08:15These are all reasonable things that people really do through the course of the day.
08:18And I think those are much more representative, just a few to mention, those are much more representative than, you know, the sort of, you know, oftentimes semi-synthetic benchmarks that we see out there in the industry.
08:31Yeah.
08:31So when it comes to the Gemini Nano model on Pixel phones, from your perspective, when does that phone pass the test in terms of performance?
08:38As we think about benchmarks for LLMs and Gemini, and especially as we think about Gemini Nano, we've seen like an industry, a large focus on academic benchmarks and academic benchmarks.
08:55Like MMLU are, you know, great as it gives a common metric, but they could be gamified and people can optimize for them and it might not capture what you really care about.
09:07So for example, MMLU is a popular academic benchmark that is going to ask like not some of the, it's a very diverse set of questions that it asks the LLM to answer.
09:19But maybe some of the questions that it asks is just information about history, history questions.
09:27Right.
09:27For an on-device model, we don't really care that it knows it can answer history questions.
09:32We think like that's probably a better use case for a server-side model when we care about like use cases like summarization, where it's not important whether you know when Rome fell or something like that.
09:45So what we try to do is we work closely with the partner teams that are building these on-device experiences and we really try to gather benchmarks that they care about and the use cases that they care about so that we can evaluate against those.
10:01And that's how we think about quality, but again, this is what also becomes super important as we think about Gemini Nano versus our server-side flash models and pro is we also have to think about constraints like battery consumption.
10:15And we have to make sure, so we work that like the water, the model performs well and doesn't consume too much battery and that also the latency is, is good.
10:25So we actually partner with the Tensor team to profile our models as we're co-designing these models together to make sure that we are getting an architecture that works well and meets their efficiency, power consumption constraints, and then we collect data for the use cases that they care about and make sure that we can hill climb on those use cases.
10:45Yes, MMLU and other metrics like that are great for us just to make sure that we have automated metrics that we can hill climb against because creating good evals is often a very difficult task, but we do a lot of that co-development together.
11:02That's great.
11:03And I would also just add, I think Zach's really onto something here.
11:05It's also something to be said for, it's not just about traditional maybe metrics of performance, but also quality.

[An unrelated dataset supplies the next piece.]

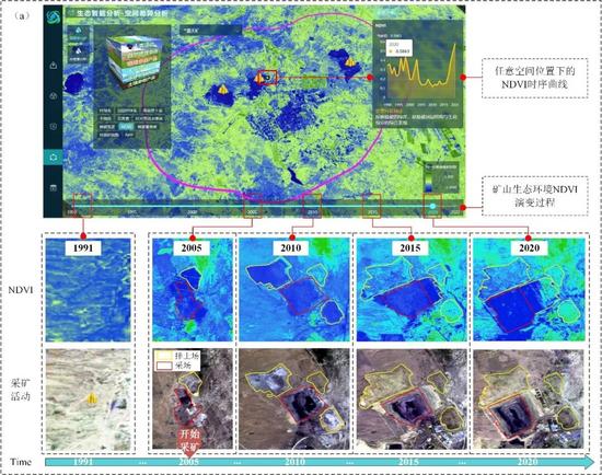 中國(guó)礦業(yè)大學(xué)(北京)李軍教授團(tuán)隊(duì)系統(tǒng)梳理、歸納和剖析了礦區(qū)生態(tài)環(huán)境定量遙感監(jiān)測(cè)的研究進(jìn)展,并在此基礎(chǔ)上,自主研發(fā)了礦山生態(tài)環(huán)境定量遙感監(jiān)測(cè)與智能分析系統(tǒng),簡(jiǎn)稱“礦山生態(tài)天眼” 系統(tǒng)。該系統(tǒng)依托定量遙感監(jiān)測(cè)技術(shù)、大數(shù)據(jù)技術(shù)、WebGIS等信息技術(shù),實(shí)現(xiàn)了對(duì)礦區(qū)“植—土—水—?dú)狻钡榷嘁?、長(zhǎng)時(shí)序生態(tài)參數(shù)的定量反演與智能分析,并具備GIS時(shí)空分析、綜合定量評(píng)價(jià)及自動(dòng)報(bào)告生成等功能。該系統(tǒng)可為礦山生態(tài)環(huán)境的全過(guò)程精準(zhǔn)監(jiān)管、科學(xué)評(píng)估與高效治理提供一體化解決方案,對(duì)于推動(dòng)礦業(yè)綠色低碳轉(zhuǎn)型生態(tài)文明信息化建設(shè)具有重要的理論價(jià)值,工程應(yīng)用前景較好。

11:10So if you look at things like the quality of responses coming out of the model or even things like quality of the photo, right?
11:16Those are more like, that's what real world users in hand are going to care more about than, you know, some, some number on the side of a box.
11:23Yeah, it's more subjective.
11:25That's true.
11:26And as we think about quality, it's, we, we have, you know, sometimes we have human raters who are evaluating quality.
11:32But what's I think really exciting about the development of Gemini is we could actually use larger Gemini models to what we call like auto raters to evaluate the quality of AI rating it.
11:46Yes, self-grading.
11:47That can be a, that can be a very powerful way for us to iterate more quickly and make sure that we are getting the model to perform well.
11:54Of course, these have their mistakes and issues as well, and that's why doing actual sanity checks with human raters can be helpful too.
12:02All right, so I just wanted to say thank you to you both in terms of taking the time out to talk about this new chip and what's happening with DeepMind behind the scenes and how this is all coming to life.
12:11We're going to test out these phones to see how good they are.
12:13But now we know a little bit more about how much smarter these things are getting.